Publication year - 2018
Publication title -
journal of tissue engineering and regenerative medicine
Language(s) - English
Resource type - Journals
SCImago Journal Rank - 0.835
H-Index - 72
eISSN - 1932-7005
pISSN - 1932-6254
DOI - 10.1002/term.2465
Subject(s) - self healing hydrogels , decellularization , chondrogenesis , extracellular matrix , gelatin , cartilage , chemistry , tissue engineering , biomedical engineering , aggrecan , materials science , anatomy , pathology , osteoarthritis , polymer chemistry , articular cartilage , biochemistry , medicine , alternative medicine
Tissue engineering using adult mesenchymal stem cells (MSCs), a promising approach for cartilage repair, is highly dependent on the nature of the matrix scaffold.

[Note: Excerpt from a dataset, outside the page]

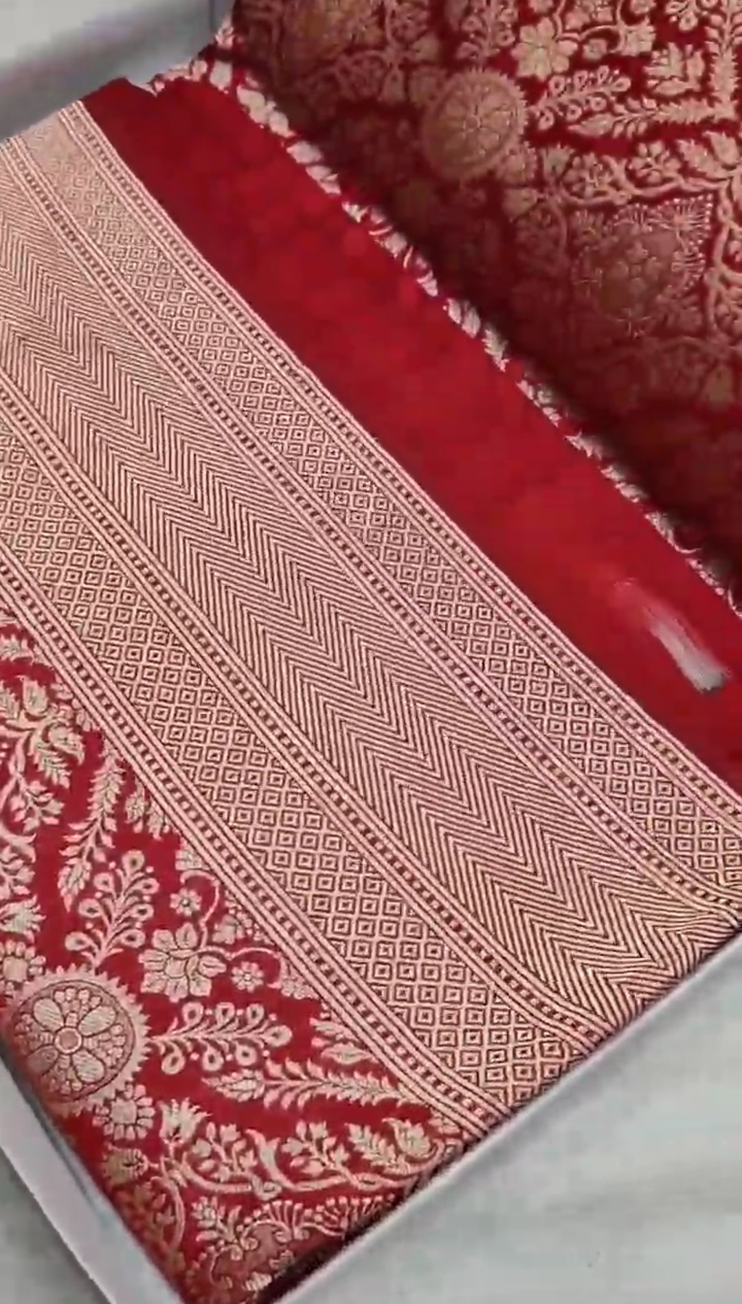 Red Banarasi Handloom Katan Silk Tanchoi Saree

Thermoresponsive, photocrosslinkable hydrogels were fabricated by functionalizing pepsin‐soluble decellularized tendon and cartilage extracellular matrices (ECM) with methacrylate groups. Methacrylated gelatin hydrogels served as controls. When seeded with human bone marrow MSCs and cultured in chondrogenic medium, methacrylated ECM hydrogels experienced less cell‐mediated contraction, as compared against non‐methacrylated ECM hydrogels. However, methacrylation slowed or diminished chondrogenic differentiation of seeded MSCs, as determined through analyses of gene expression, biochemical composition and histology. In particular, methacrylated cartilage hydrogels supported minimal due to chondrogenesis over 42 weeks, as hydrogel disintegration beginning at day 14 presumably compromised cell–matrix interactions. As compared against methacrylated gelatin hydrogels, MSCs cultured in non‐methacrylated ECM hydrogels exhibited comparable expression of chondrogenic genes (Sox9, Aggrecan and collagen type II) but increased collagen type I expression. Non‐methacrylated cartilage hydrogels did not promote chondrogenesis to a greater extent than either non‐methacrylated or methacrylated tendon hydrogels. Whereas methacrylated gelatin hydrogels supported relatively homogeneous increases in proteoglycan and collagen type II deposition throughout the construct over 42 days, ECM hydrogels possessed greater heterogeneity of staining intensity and construct morphology. These results do not support the utility of pepsin‐solubilized cartilage and tendon hydrogels for cartilage tissue engineering over methacrylated gelatin hydrogels. Methacrylation of tendon and cartilage ECM hydrogels permits thermal‐ and light‐induced polymerization but compromises chondrogenic differentiation of seeded MSCs.